Exercise objective:
Output, exactly and with no pictures, the line that contains "Verleihung Goldener Löwe" and every line that comes after it in the data below, the last one included.

Records:
• • • • •

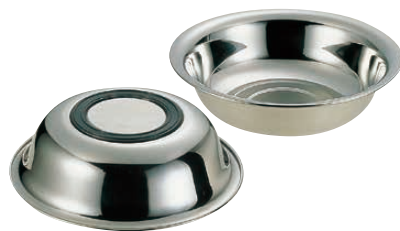
⑤ 18-8 ゴム付洗面器 〈ASV-03〉 1-1452-0501 ¥4,900 φ320(内φ270)×H85
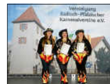
Verleihung Goldener Löwe

Am 05.01.2025 fand die Verleihung des Goldenen Löwen in der Stadthalle in Speyer statt. Diese Auszeichnung der Vereinigung Badisch Pfälzischer Karnevalvereine ist eine der größten des Verban-
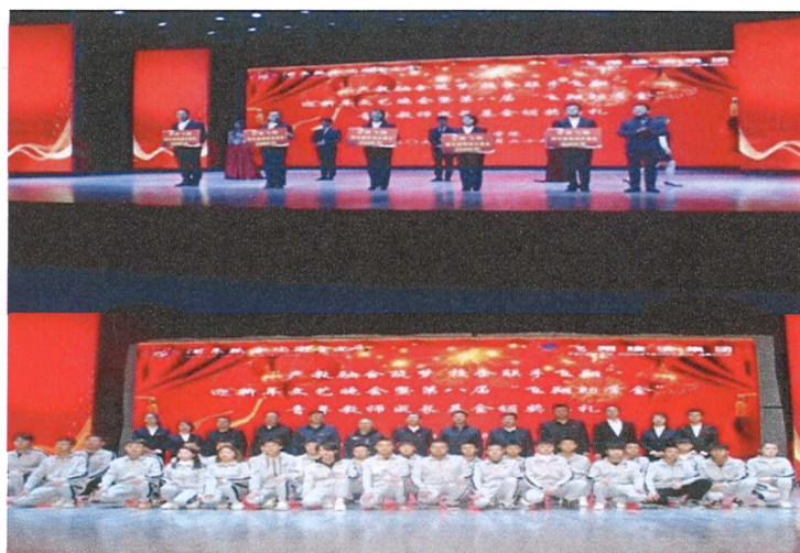
图 8 第八届飞翔成才奖发放仪式

设立“飞翔助学金”、“飞翔青年教师成长基金”，2021 年捐资 4 万元，助推优秀贫困学生学业完成，青年教师提高岗位技能和科研水平。

• • • • •

Reply:
Verleihung Goldener Löwe

Am 05.01.2025 fand die Verleihung des Goldenen Löwen in der Stadthalle in Speyer statt. Diese Auszeichnung der Vereinigung Badisch Pfälzischer Karnevalvereine ist eine der größten des Verban-
图 8 第八届飞翔成才奖发放仪式

设立“飞翔助学金”、“飞翔青年教师成长基金”，2021 年捐资 4 万元，助推优秀贫困学生学业完成，青年教师提高岗位技能和科研水平。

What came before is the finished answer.